» **WHAT YOU SHOULD DO**
Given the material below, return only the lines starting at the line with "后天,新疆西部、內(nèi)" and ending at the line with "Women’S Sparkling Purple", exactly as they appear.

##### INPUT FOR THIS TASK

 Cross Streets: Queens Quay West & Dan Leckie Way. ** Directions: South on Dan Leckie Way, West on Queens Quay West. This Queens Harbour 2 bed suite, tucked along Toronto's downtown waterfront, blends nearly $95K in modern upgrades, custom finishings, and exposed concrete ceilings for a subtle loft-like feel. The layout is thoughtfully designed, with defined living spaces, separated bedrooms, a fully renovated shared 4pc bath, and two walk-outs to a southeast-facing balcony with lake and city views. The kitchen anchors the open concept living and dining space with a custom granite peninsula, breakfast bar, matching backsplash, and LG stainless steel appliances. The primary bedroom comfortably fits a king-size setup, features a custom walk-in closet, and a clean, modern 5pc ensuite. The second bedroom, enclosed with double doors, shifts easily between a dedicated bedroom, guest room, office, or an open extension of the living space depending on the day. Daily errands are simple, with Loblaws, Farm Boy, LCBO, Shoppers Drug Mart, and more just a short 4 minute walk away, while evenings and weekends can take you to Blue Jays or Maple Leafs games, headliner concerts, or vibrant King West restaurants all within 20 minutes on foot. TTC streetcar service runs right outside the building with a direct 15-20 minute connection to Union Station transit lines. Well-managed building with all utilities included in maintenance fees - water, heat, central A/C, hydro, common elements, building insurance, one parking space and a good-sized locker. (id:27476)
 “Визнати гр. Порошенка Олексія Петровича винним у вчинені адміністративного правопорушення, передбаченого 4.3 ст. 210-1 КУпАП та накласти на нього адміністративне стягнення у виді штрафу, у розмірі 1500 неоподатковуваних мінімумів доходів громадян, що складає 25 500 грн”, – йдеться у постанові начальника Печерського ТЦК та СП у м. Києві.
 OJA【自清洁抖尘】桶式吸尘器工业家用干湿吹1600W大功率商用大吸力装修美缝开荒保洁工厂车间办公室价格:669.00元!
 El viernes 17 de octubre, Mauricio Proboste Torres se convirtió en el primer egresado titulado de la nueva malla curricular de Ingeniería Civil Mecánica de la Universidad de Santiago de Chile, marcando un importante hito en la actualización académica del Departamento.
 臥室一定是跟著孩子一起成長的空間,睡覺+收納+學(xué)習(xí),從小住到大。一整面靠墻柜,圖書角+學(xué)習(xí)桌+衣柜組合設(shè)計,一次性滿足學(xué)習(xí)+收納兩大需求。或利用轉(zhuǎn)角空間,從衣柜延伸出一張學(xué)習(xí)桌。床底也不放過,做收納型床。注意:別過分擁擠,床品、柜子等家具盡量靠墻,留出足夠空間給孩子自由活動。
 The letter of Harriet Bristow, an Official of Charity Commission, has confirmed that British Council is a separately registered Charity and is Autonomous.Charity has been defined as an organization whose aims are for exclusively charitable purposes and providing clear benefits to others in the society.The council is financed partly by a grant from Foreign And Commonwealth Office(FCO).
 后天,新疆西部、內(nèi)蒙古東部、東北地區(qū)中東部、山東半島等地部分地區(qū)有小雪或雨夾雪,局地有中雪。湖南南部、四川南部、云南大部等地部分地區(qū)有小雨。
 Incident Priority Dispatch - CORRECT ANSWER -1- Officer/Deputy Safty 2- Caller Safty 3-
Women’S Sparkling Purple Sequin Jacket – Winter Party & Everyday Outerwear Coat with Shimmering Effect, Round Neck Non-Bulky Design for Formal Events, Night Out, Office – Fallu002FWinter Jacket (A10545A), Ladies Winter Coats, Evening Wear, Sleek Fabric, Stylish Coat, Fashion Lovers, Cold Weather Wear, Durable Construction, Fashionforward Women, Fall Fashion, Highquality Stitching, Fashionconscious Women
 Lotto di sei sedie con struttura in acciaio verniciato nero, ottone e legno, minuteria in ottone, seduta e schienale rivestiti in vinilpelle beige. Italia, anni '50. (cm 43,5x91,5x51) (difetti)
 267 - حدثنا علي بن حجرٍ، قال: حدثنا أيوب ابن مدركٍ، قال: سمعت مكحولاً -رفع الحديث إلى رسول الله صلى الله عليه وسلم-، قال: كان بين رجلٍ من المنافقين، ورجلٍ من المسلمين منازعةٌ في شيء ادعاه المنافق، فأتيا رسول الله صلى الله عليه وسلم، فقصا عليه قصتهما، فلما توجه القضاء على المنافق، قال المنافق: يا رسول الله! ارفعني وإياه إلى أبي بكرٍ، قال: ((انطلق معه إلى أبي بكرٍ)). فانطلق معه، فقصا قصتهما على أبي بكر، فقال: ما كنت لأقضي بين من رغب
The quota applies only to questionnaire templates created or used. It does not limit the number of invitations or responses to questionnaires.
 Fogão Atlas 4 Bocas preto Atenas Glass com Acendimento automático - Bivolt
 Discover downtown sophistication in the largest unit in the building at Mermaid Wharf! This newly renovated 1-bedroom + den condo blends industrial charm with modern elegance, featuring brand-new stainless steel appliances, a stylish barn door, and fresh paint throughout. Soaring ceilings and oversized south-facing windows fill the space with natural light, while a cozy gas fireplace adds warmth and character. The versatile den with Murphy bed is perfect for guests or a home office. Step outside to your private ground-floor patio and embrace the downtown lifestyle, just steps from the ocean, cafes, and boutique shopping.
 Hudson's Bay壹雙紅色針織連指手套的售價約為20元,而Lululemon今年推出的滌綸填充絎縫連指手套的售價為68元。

##########

» **RESPONSE AREA**
 后天,新疆西部、內(nèi)蒙古東部、東北地區(qū)中東部、山東半島等地部分地區(qū)有小雪或雨夾雪,局地有中雪。湖南南部、四川南部、云南大部等地部分地區(qū)有小雨。
 Incident Priority Dispatch - CORRECT ANSWER -1- Officer/Deputy Safty 2- Caller Safty 3-
Women’S Sparkling Purple Sequin Jacket – Winter Party & Everyday Outerwear Coat with Shimmering Effect, Round Neck Non-Bulky Design for Formal Events, Night Out, Office – Fallu002FWinter Jacket (A10545A), Ladies Winter Coats, Evening Wear, Sleek Fabric, Stylish Coat, Fashion Lovers, Cold Weather Wear, Durable Construction, Fashionforward Women, Fall Fashion, Highquality Stitching, Fashionconscious Women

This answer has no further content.